* WHAT THE TASK REQUIRES
Transcribe, word for word, every line from the one containing "Hex #880858 Color" through the final line of the records, and omit the pictures.

+ + + + + + +

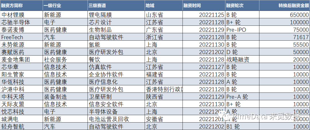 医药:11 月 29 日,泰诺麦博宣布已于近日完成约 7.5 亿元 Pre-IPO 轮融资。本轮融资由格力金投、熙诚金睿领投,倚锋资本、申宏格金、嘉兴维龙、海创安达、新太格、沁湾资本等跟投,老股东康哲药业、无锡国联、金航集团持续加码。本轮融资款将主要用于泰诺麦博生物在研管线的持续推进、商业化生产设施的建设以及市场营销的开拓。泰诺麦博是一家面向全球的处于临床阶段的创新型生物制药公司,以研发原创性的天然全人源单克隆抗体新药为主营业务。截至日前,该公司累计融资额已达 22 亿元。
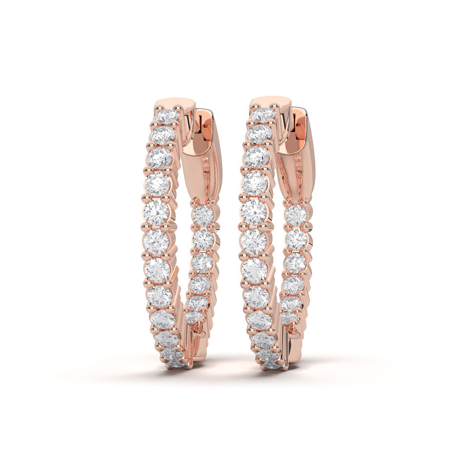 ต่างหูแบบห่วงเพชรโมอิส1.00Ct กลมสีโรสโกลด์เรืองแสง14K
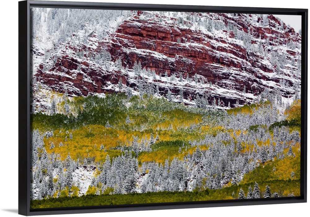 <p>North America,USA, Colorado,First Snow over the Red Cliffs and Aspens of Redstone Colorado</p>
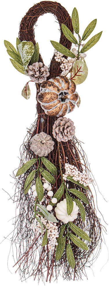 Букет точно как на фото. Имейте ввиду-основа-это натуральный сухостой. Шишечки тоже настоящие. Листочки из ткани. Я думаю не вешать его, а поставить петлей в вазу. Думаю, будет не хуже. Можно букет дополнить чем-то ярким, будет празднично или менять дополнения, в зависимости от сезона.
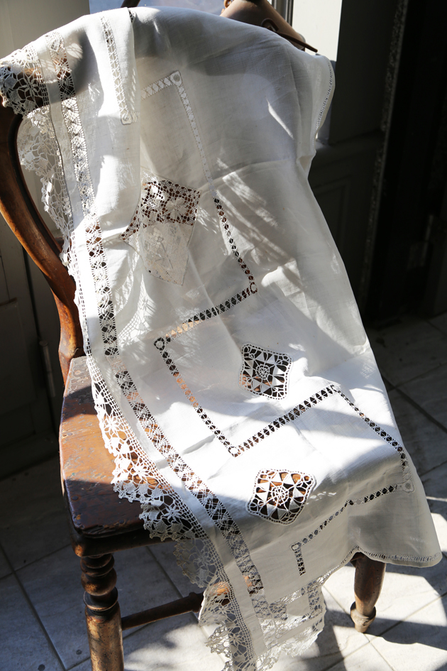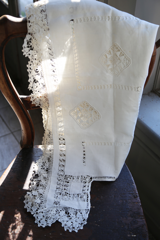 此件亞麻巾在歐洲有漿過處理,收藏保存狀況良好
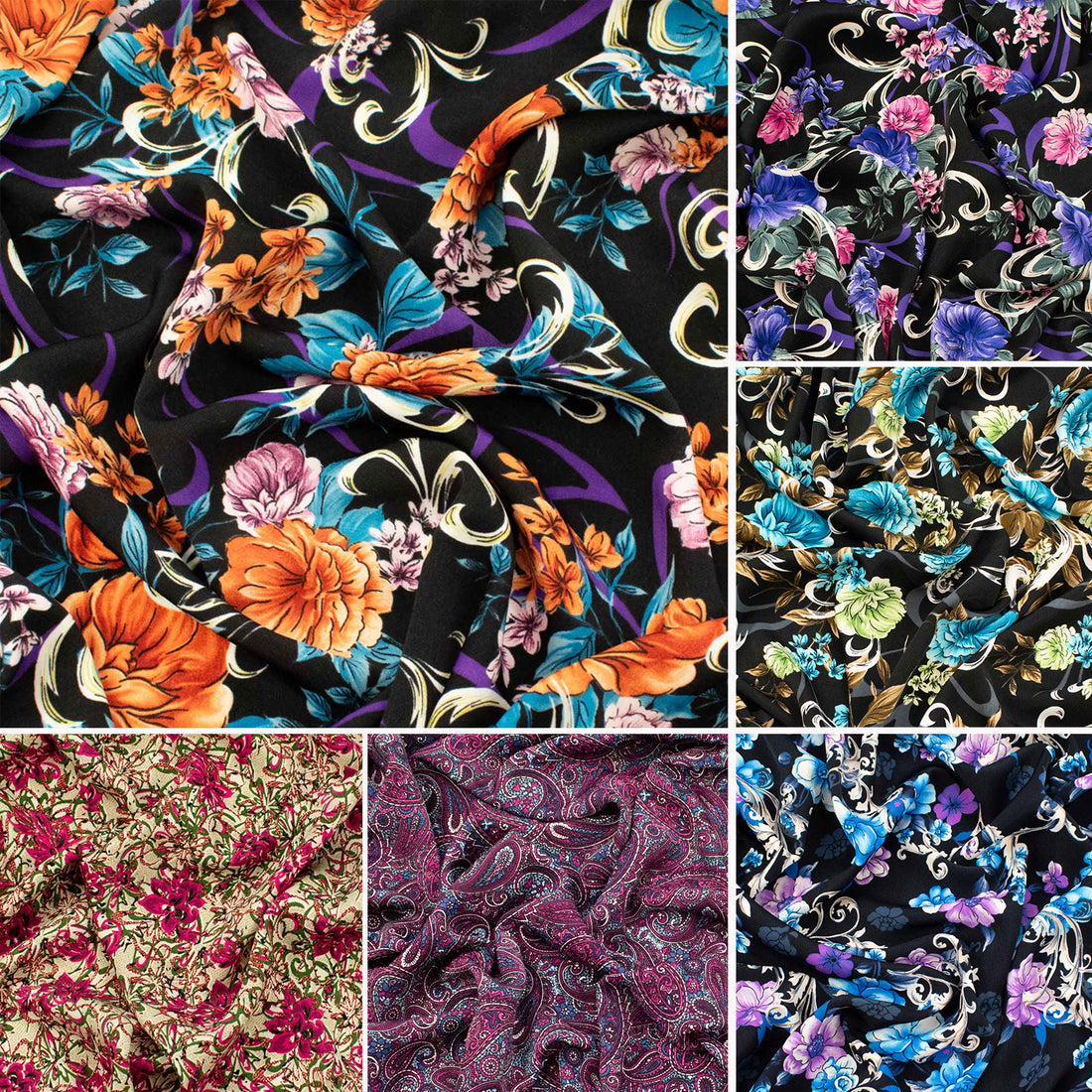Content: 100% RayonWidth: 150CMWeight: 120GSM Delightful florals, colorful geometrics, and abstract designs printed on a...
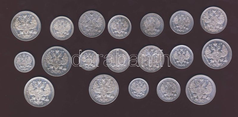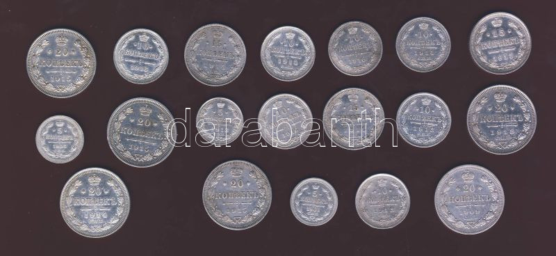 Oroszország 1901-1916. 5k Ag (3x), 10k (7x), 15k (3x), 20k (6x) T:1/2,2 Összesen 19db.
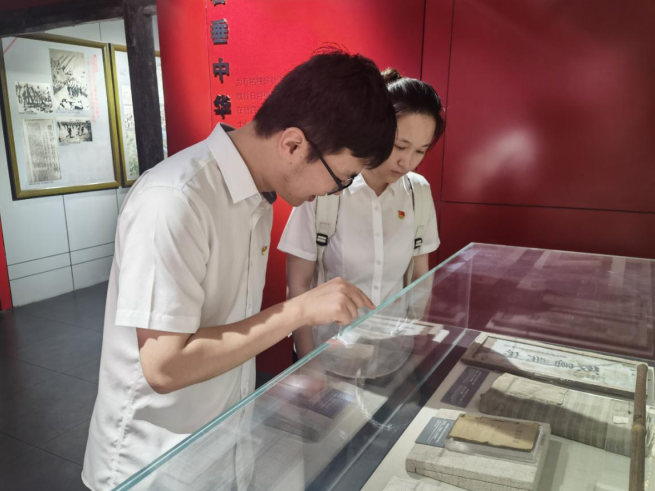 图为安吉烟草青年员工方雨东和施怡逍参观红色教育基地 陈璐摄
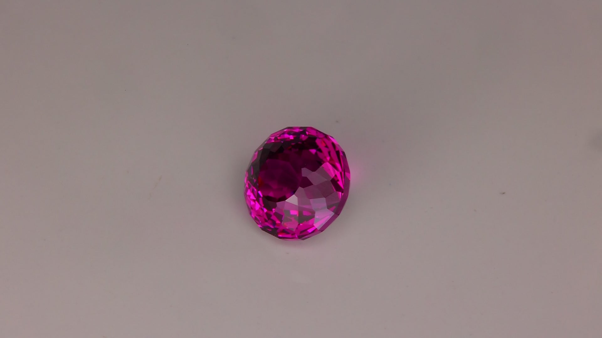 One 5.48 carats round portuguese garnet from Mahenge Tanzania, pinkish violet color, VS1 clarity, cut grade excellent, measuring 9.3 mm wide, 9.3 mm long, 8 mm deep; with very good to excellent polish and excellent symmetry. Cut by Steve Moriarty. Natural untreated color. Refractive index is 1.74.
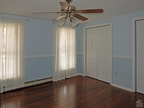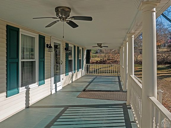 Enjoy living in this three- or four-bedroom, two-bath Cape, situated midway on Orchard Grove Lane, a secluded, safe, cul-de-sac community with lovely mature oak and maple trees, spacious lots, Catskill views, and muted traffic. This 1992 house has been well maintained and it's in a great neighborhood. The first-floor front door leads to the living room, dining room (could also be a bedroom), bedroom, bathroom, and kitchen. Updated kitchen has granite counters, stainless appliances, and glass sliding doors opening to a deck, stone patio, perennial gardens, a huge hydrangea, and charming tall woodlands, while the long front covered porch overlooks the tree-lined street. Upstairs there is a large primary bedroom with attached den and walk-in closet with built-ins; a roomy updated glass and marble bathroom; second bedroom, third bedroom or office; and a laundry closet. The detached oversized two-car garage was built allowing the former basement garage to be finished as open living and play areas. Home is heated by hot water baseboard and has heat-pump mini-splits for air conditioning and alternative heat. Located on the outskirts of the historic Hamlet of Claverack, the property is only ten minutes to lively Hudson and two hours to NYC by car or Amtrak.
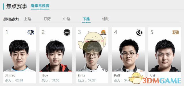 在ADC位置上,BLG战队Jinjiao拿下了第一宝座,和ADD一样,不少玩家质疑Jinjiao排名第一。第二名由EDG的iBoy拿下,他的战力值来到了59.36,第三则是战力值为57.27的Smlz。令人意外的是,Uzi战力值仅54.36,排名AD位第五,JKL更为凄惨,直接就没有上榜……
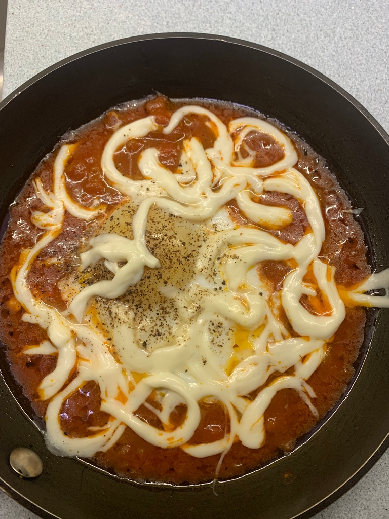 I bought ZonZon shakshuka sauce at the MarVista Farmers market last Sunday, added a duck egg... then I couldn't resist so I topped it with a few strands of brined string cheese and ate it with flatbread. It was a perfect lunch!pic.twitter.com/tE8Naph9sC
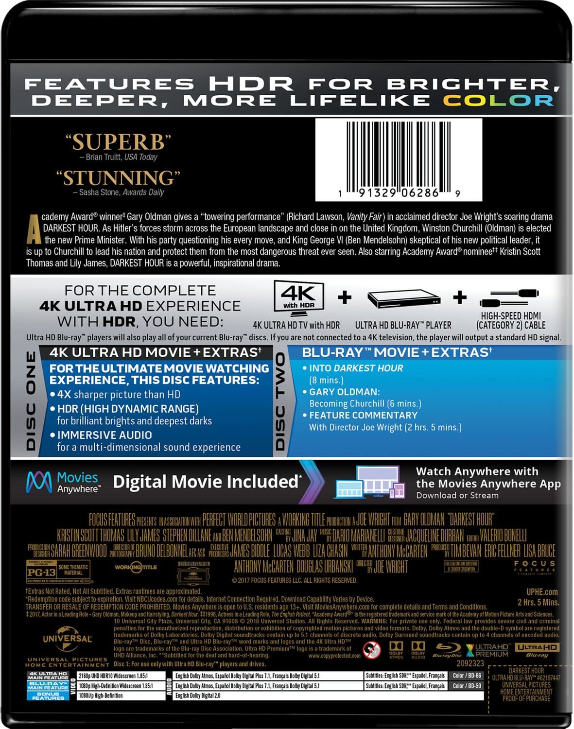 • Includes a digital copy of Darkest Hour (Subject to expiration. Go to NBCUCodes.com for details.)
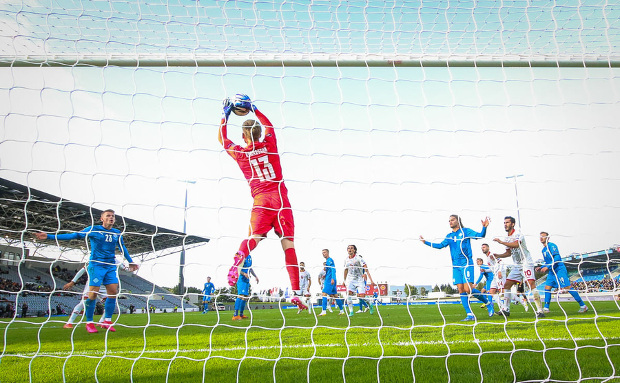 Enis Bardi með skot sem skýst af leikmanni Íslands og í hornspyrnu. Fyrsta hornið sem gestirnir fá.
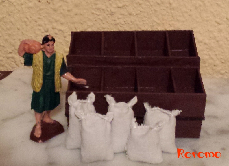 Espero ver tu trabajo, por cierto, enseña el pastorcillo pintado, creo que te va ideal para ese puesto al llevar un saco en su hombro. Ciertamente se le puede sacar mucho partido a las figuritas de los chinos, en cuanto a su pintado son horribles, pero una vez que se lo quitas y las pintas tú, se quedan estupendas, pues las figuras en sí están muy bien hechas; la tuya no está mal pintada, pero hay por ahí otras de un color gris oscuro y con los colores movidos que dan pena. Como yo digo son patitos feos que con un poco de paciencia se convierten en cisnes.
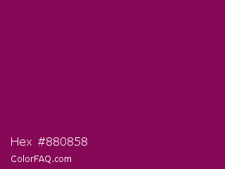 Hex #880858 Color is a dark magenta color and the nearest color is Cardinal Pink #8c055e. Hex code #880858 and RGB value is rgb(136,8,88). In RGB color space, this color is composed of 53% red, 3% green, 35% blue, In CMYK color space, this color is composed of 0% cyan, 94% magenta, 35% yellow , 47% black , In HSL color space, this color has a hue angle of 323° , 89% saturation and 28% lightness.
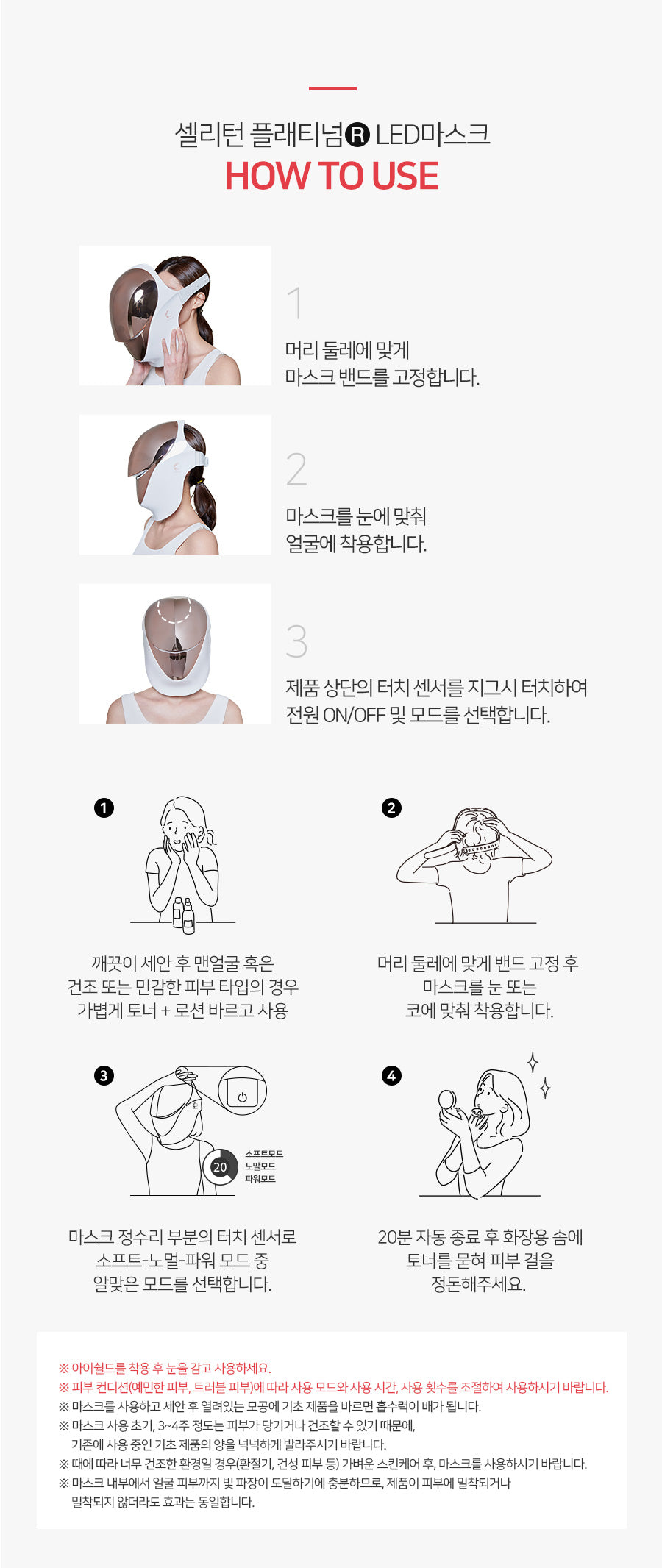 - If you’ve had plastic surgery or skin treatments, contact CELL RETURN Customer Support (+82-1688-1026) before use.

+ + + + + + +

* ANSWER SECTION
 Hex #880858 Color is a dark magenta color and the nearest color is Cardinal Pink #8c055e. Hex code #880858 and RGB value is rgb(136,8,88). In RGB color space, this color is composed of 53% red, 3% green, 35% blue, In CMYK color space, this color is composed of 0% cyan, 94% magenta, 35% yellow , 47% black , In HSL color space, this color has a hue angle of 323° , 89% saturation and 28% lightness.
 - If you’ve had plastic surgery or skin treatments, contact CELL RETURN Customer Support (+82-1688-1026) before use.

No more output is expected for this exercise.